THE TASK:
From the first line of the listing below through the line with "Das Badezimmer verfügt", transcribe exactly and skip the pictures.
········
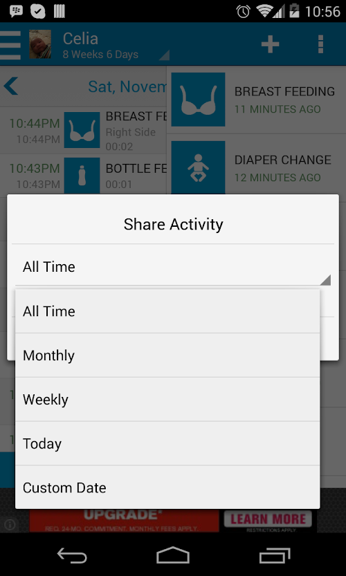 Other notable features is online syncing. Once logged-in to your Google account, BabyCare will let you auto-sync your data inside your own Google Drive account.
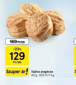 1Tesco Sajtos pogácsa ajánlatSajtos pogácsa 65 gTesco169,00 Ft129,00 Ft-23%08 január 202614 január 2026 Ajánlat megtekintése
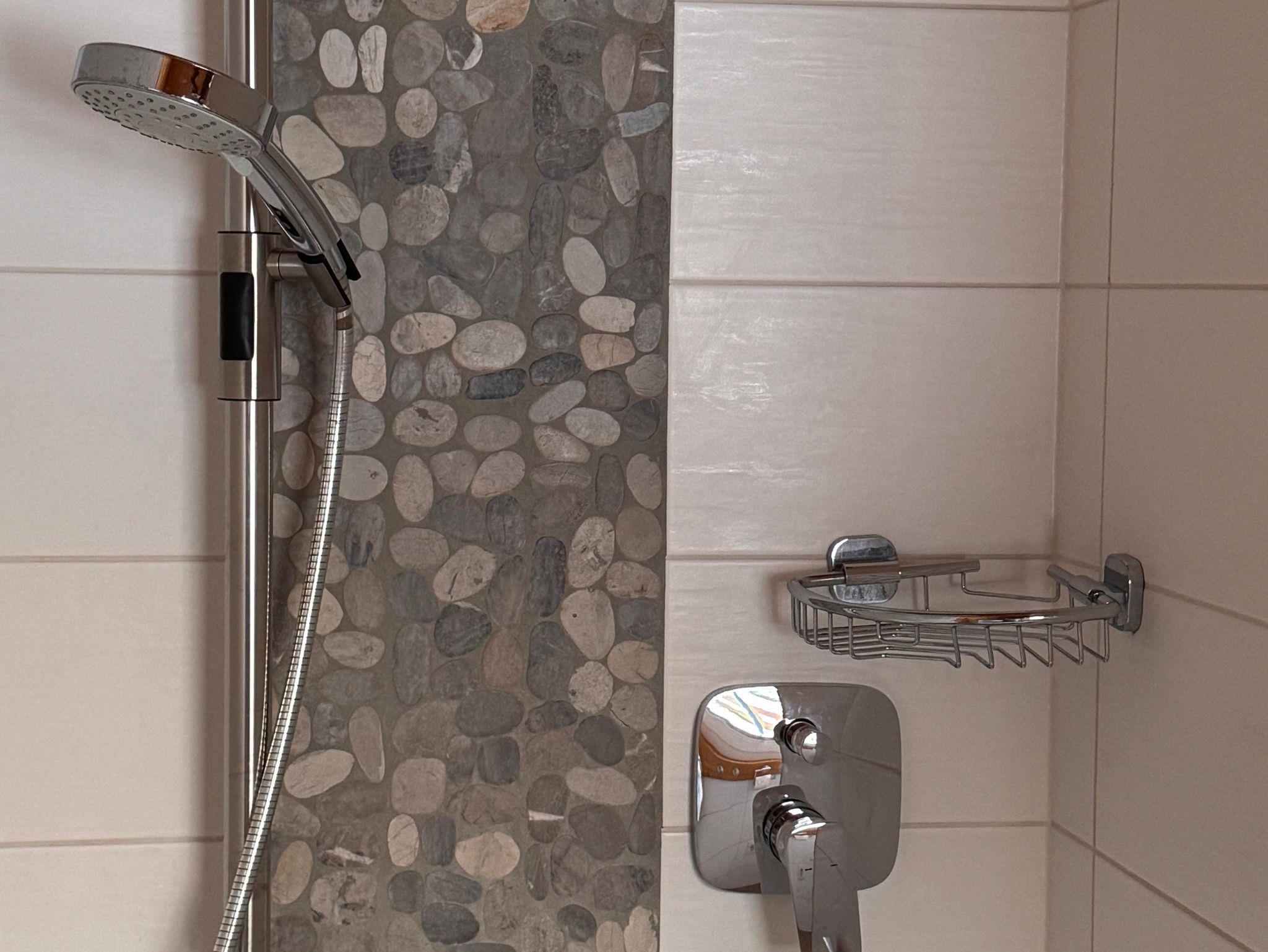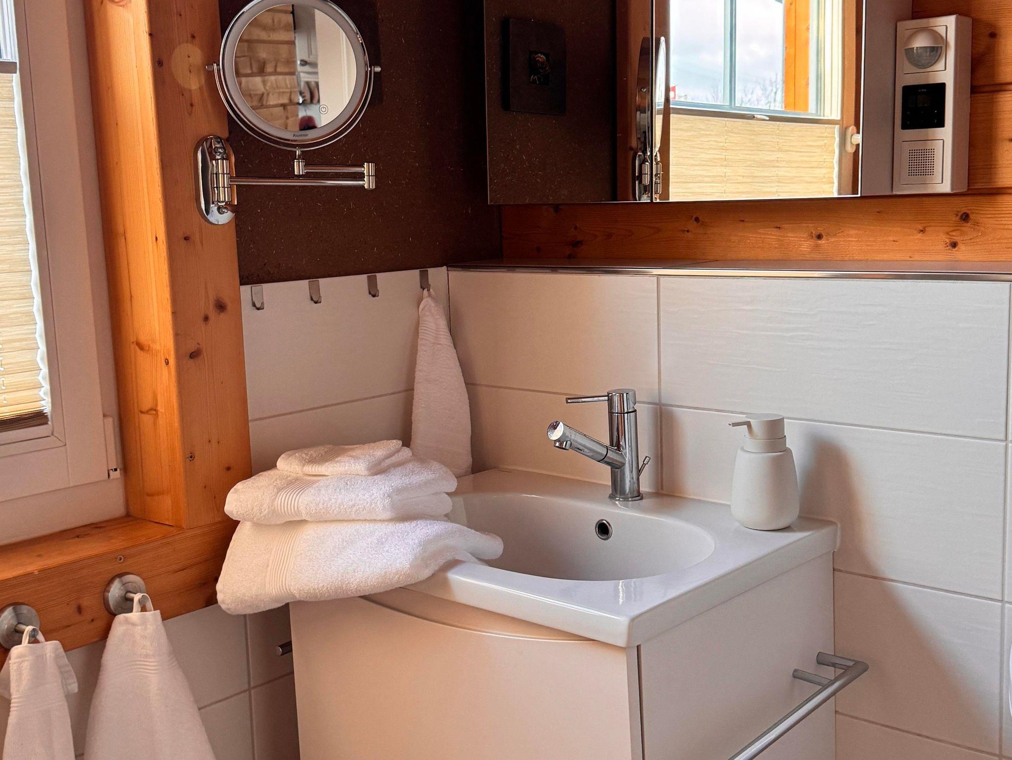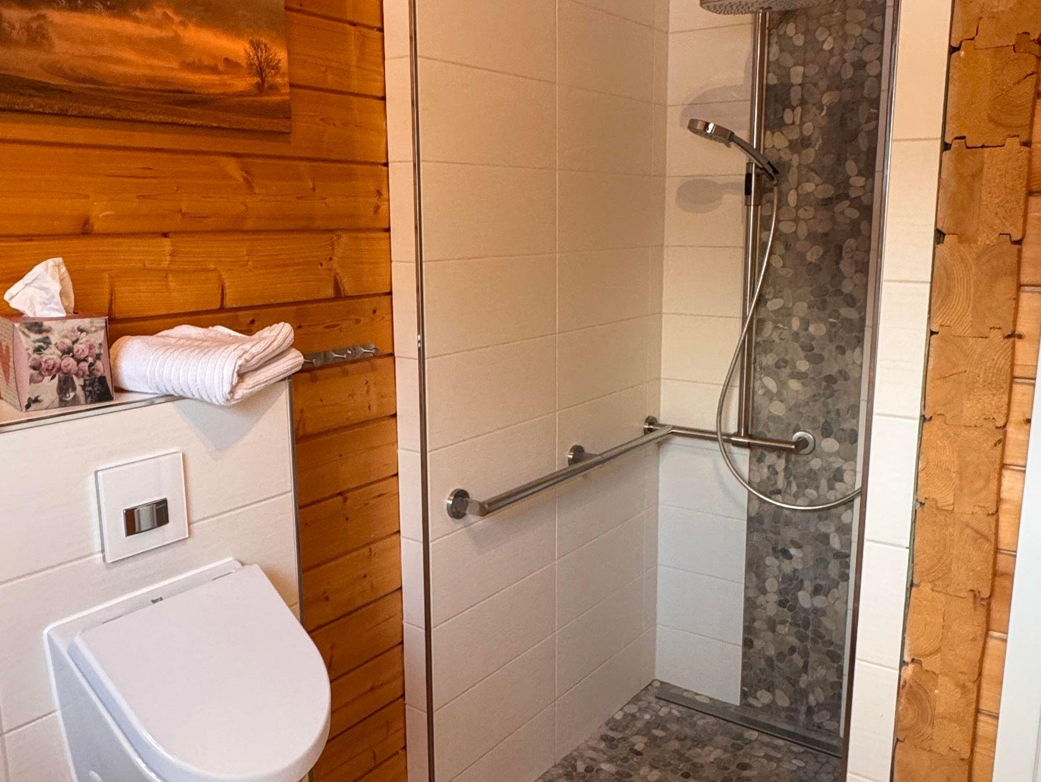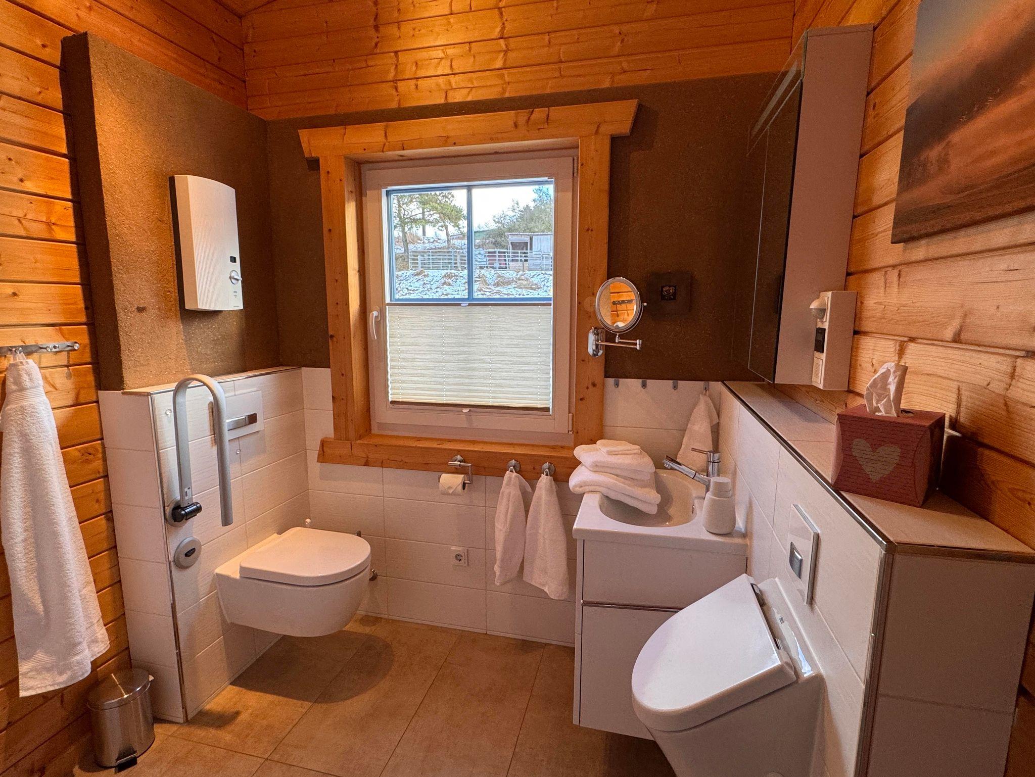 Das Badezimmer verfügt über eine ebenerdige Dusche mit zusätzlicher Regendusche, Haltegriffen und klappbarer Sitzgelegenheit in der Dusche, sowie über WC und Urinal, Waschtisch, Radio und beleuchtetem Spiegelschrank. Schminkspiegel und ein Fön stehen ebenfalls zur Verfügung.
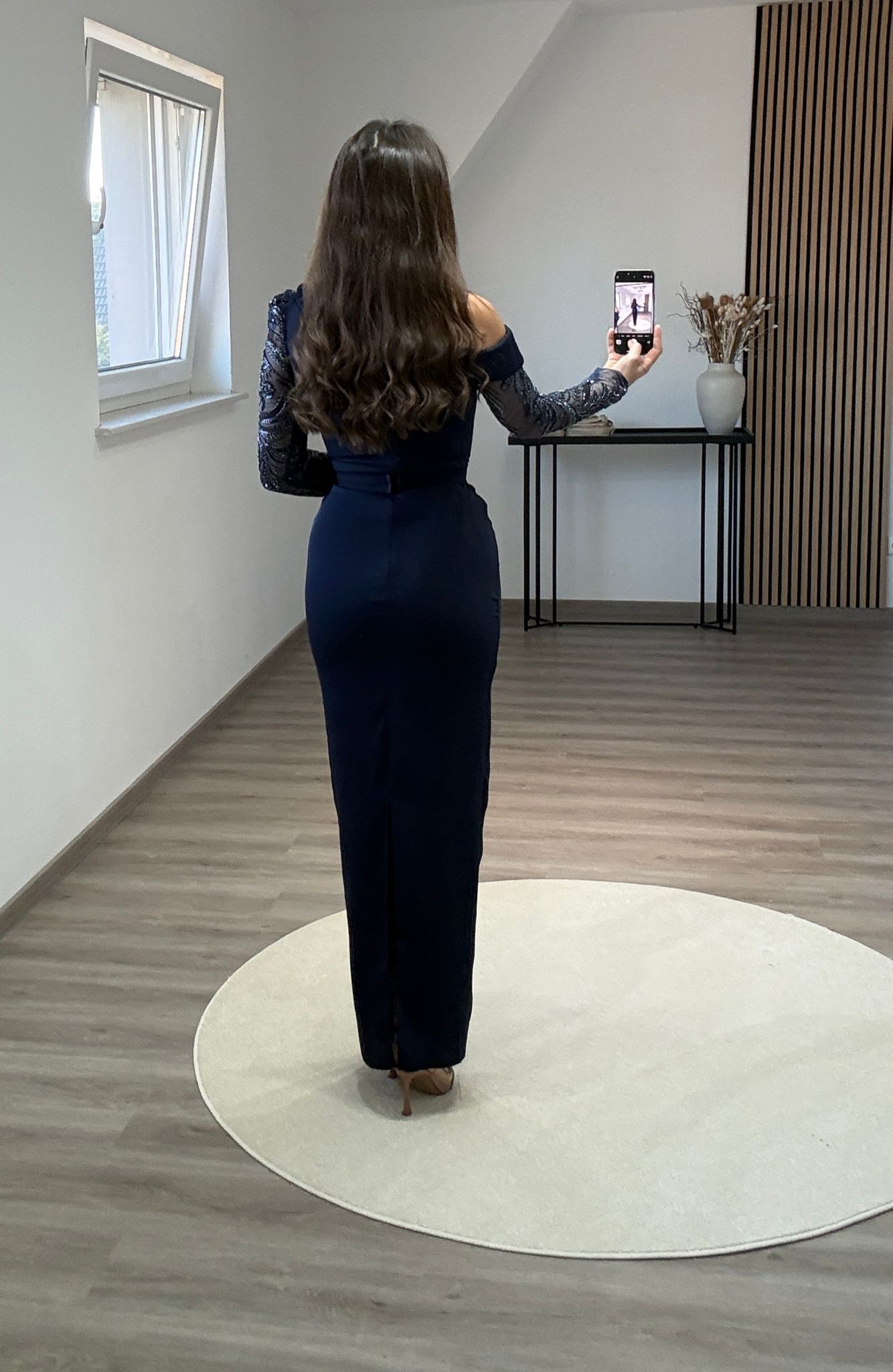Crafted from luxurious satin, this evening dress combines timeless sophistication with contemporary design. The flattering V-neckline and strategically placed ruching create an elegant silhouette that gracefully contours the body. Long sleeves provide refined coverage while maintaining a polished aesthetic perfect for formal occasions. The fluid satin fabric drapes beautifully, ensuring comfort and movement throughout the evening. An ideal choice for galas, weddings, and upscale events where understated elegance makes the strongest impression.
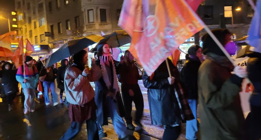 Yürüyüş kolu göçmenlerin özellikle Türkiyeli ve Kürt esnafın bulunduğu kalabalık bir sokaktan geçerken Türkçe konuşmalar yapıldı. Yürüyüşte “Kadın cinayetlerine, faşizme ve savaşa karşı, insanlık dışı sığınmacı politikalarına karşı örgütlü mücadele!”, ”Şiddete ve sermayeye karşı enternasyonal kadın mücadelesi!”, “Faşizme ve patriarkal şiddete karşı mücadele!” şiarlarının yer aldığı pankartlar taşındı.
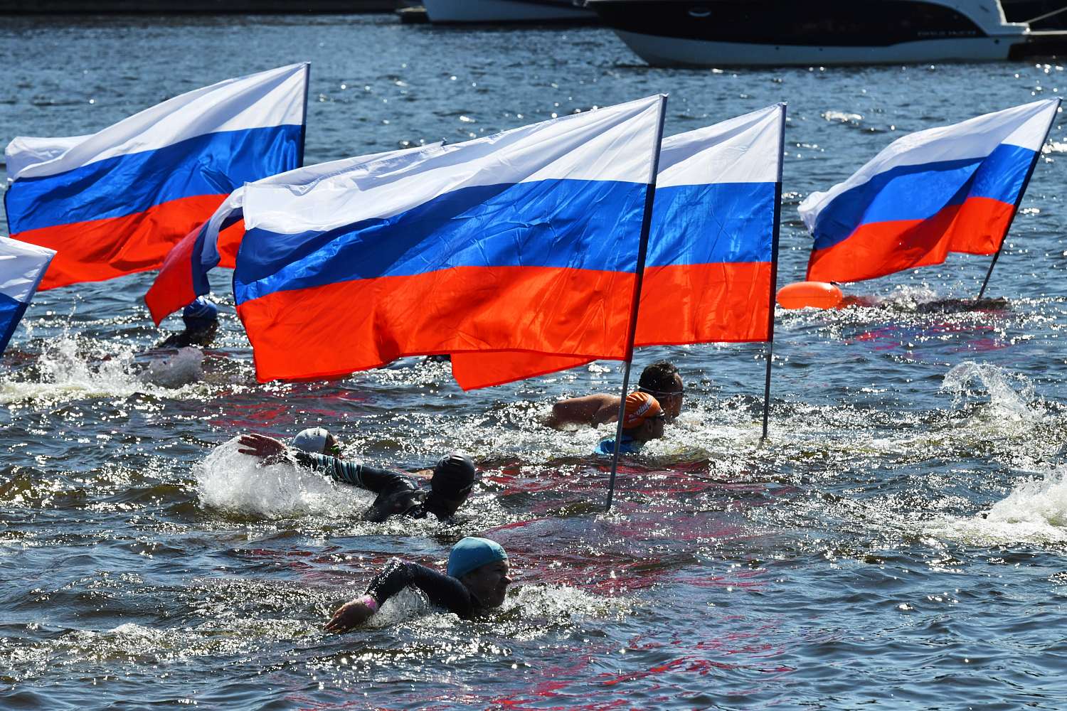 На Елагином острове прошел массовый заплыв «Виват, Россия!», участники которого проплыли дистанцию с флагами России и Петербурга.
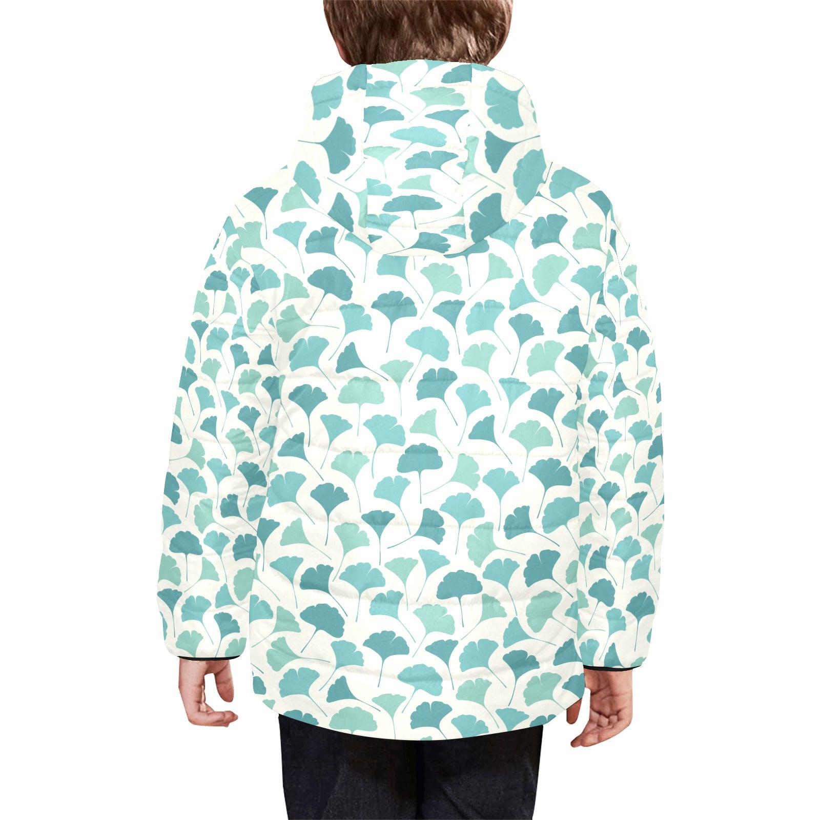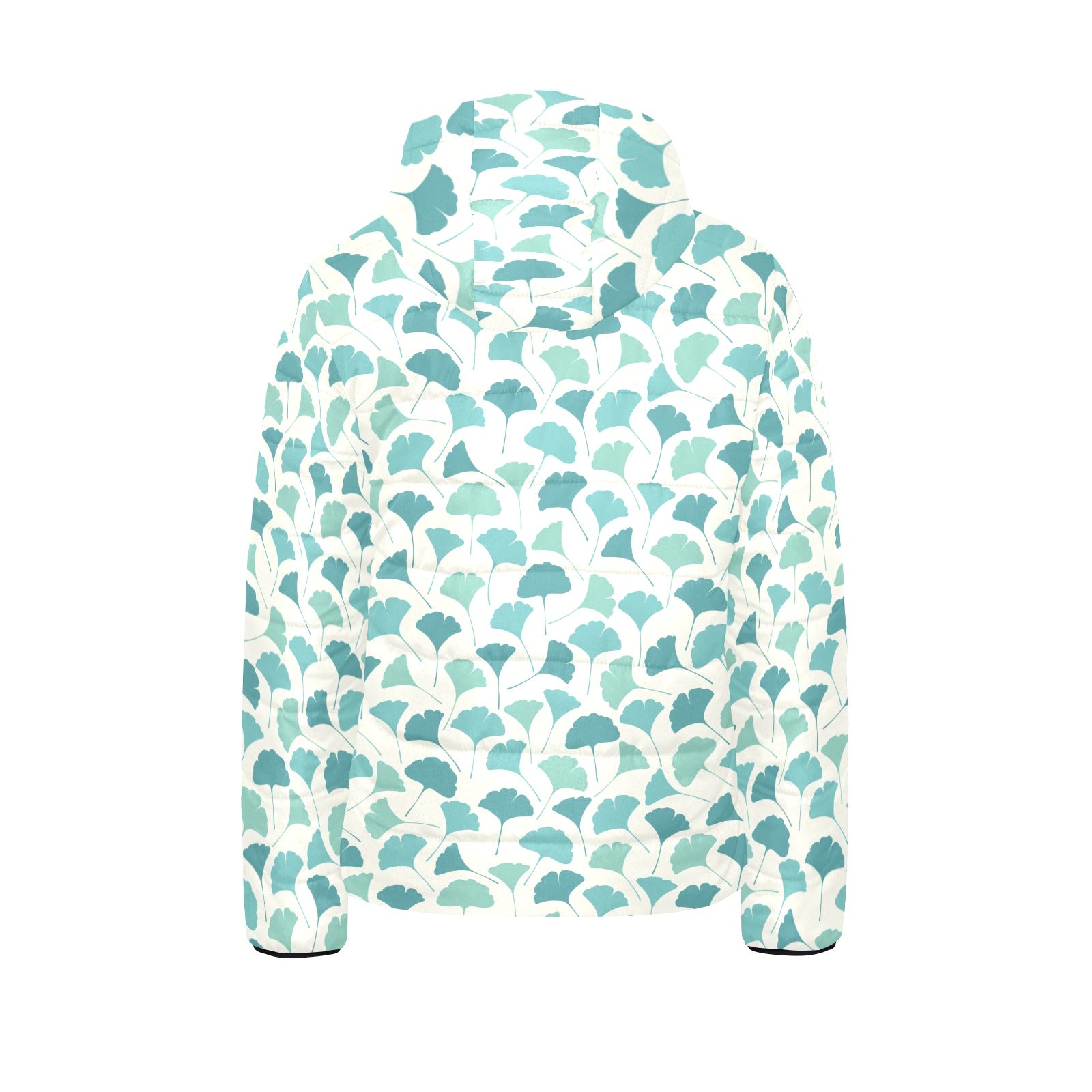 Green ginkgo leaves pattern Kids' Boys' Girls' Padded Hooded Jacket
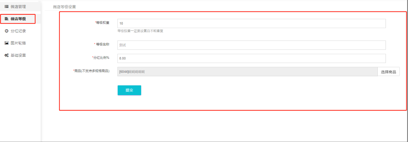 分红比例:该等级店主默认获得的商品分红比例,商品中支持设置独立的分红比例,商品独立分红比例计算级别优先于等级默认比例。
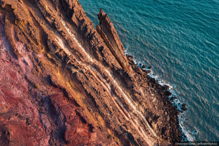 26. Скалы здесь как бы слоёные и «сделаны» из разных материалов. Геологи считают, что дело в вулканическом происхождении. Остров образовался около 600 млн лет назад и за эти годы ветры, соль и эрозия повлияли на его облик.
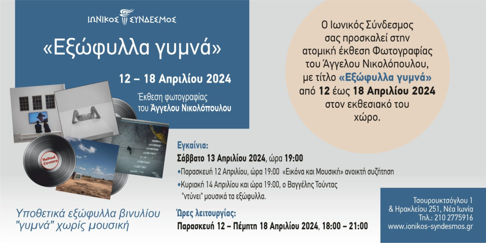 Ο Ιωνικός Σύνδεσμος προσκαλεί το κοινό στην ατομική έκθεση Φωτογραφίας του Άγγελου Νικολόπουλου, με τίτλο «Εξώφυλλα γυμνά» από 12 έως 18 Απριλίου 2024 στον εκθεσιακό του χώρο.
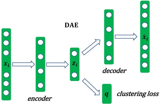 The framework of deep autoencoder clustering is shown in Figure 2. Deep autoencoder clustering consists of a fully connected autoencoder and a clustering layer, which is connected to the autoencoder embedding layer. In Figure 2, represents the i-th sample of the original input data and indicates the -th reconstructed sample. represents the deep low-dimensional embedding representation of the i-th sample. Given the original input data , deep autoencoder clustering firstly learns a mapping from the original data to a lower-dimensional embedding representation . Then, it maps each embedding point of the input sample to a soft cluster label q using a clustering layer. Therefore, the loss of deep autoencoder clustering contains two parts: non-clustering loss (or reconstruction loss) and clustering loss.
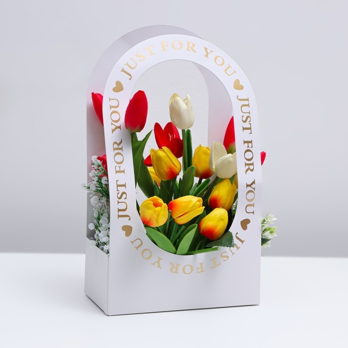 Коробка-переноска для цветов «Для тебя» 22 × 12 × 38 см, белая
········
WRITTEN REPLY:
 Other notable features is online syncing. Once logged-in to your Google account, BabyCare will let you auto-sync your data inside your own Google Drive account.
 1Tesco Sajtos pogácsa ajánlatSajtos pogácsa 65 gTesco169,00 Ft129,00 Ft-23%08 január 202614 január 2026 Ajánlat megtekintése
 Das Badezimmer verfügt über eine ebenerdige Dusche mit zusätzlicher Regendusche, Haltegriffen und klappbarer Sitzgelegenheit in der Dusche, sowie über WC und Urinal, Waschtisch, Radio und beleuchtetem Spiegelschrank. Schminkspiegel und ein Fön stehen ebenfalls zur Verfügung.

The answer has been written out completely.